DESCRIPTION OF THE TASK:
Within the listing below, give again exactly the lines between the one containing "與以往的封閉式玄關(guān" and the one containing "耳にはめ込まず、イヤカフのよ", inclusive, pictures left aside.

INPUT DATA:
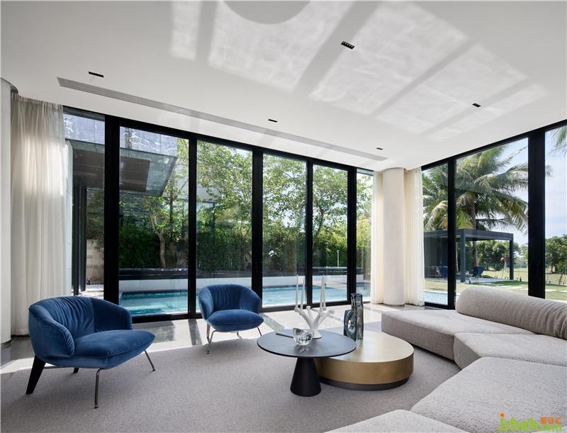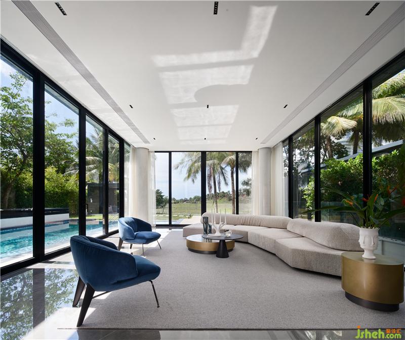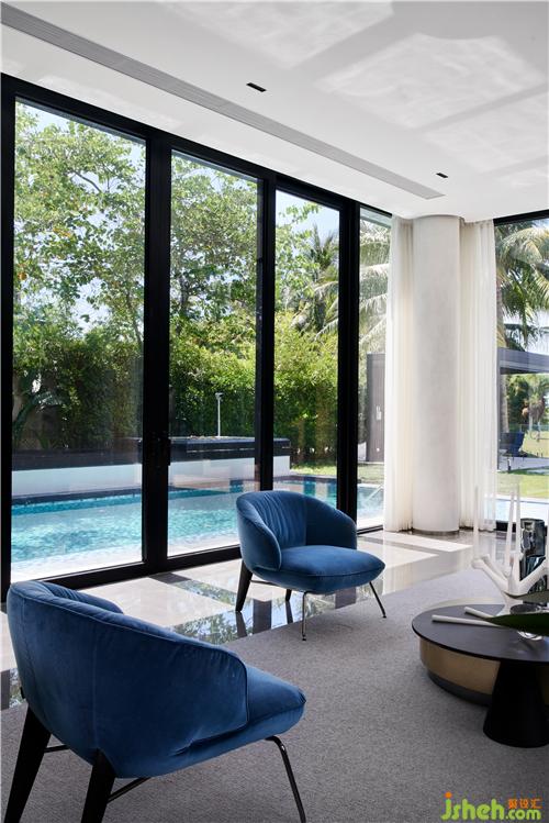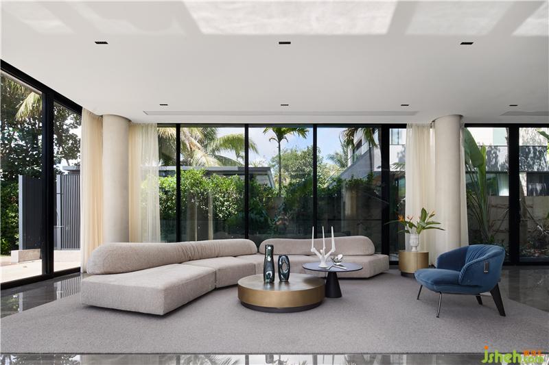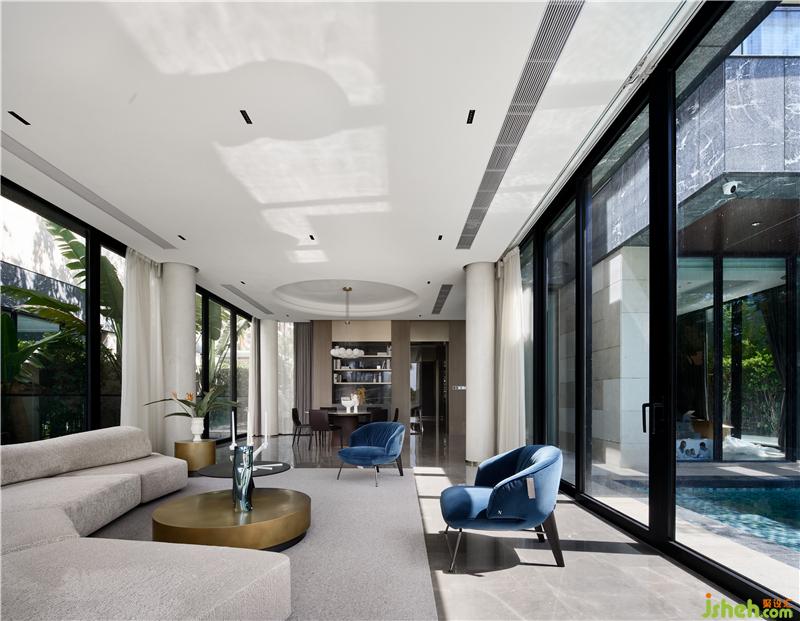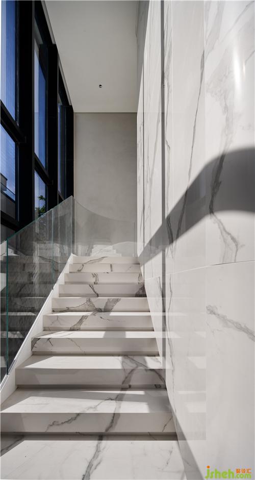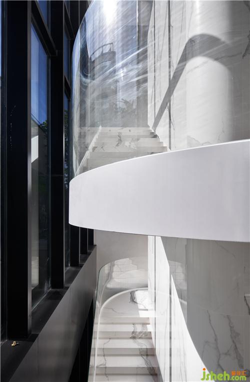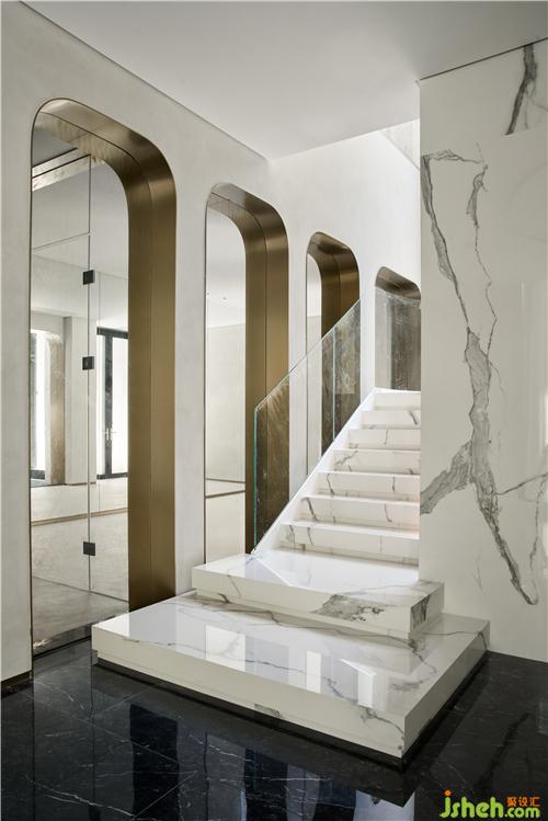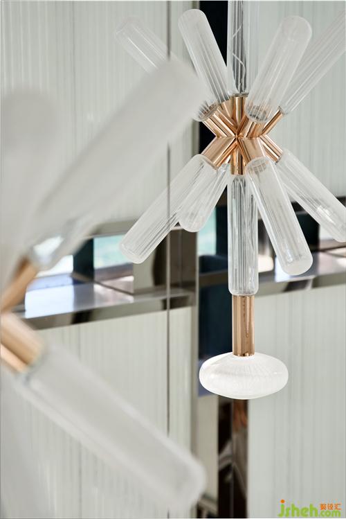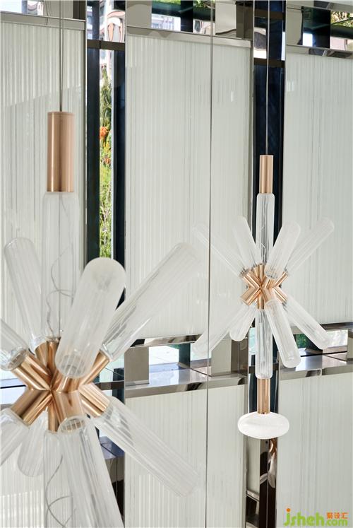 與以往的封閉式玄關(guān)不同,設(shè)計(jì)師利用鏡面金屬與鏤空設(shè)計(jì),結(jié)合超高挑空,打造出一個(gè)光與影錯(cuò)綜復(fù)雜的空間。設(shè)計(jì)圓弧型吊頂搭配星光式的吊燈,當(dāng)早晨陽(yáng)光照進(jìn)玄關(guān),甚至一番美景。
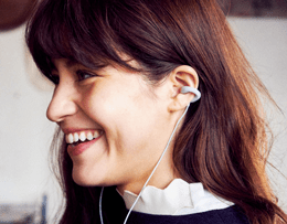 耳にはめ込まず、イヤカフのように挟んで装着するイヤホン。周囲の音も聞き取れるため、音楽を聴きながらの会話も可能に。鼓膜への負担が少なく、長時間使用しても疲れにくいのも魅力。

---

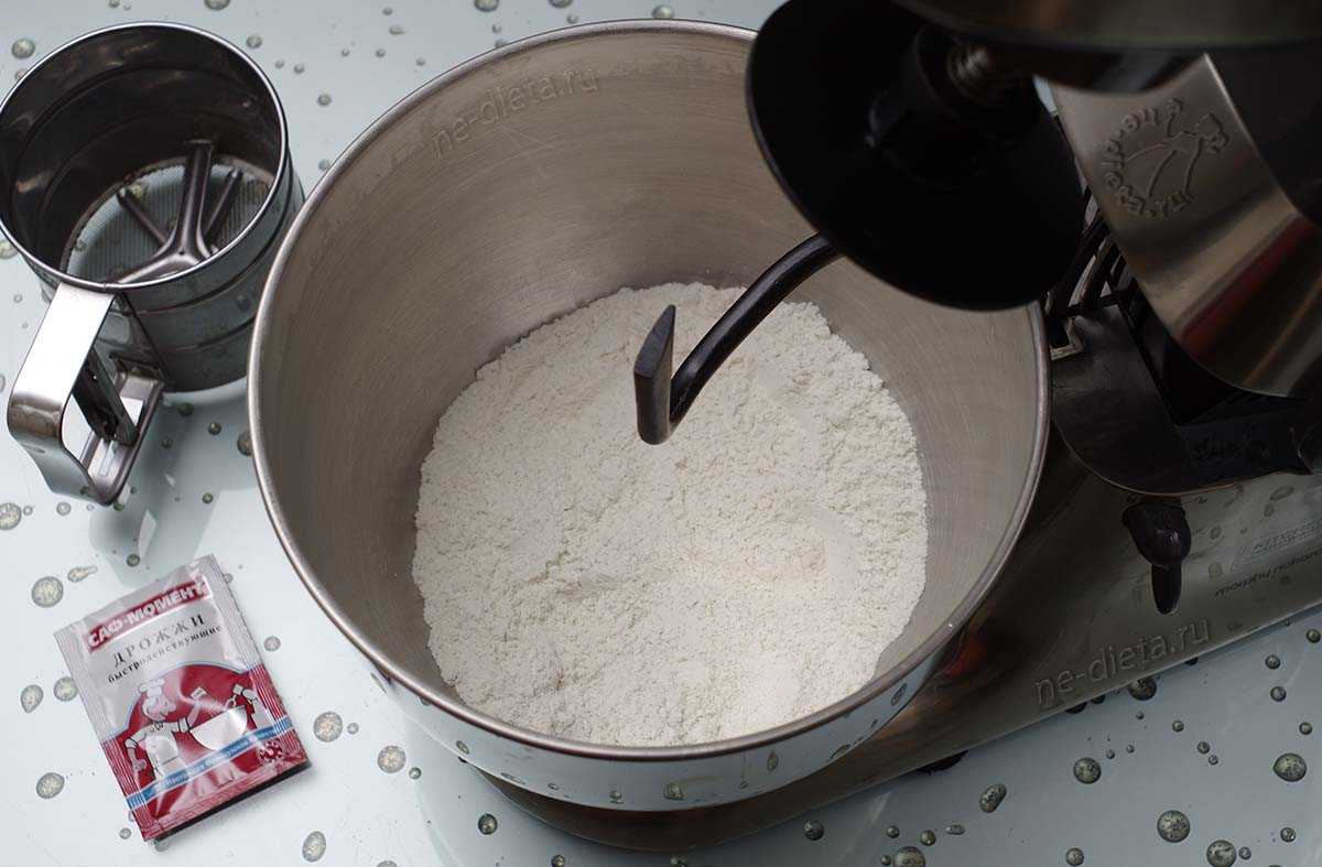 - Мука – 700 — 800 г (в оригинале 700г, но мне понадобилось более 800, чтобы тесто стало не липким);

SOLUTION TO THIS EXERCISE:
 與以往的封閉式玄關(guān)不同,設(shè)計(jì)師利用鏡面金屬與鏤空設(shè)計(jì),結(jié)合超高挑空,打造出一個(gè)光與影錯(cuò)綜復(fù)雜的空間。設(shè)計(jì)圓弧型吊頂搭配星光式的吊燈,當(dāng)早晨陽(yáng)光照進(jìn)玄關(guān),甚至一番美景。
 耳にはめ込まず、イヤカフのように挟んで装着するイヤホン。周囲の音も聞き取れるため、音楽を聴きながらの会話も可能に。鼓膜への負担が少なく、長時間使用しても疲れにくいのも魅力。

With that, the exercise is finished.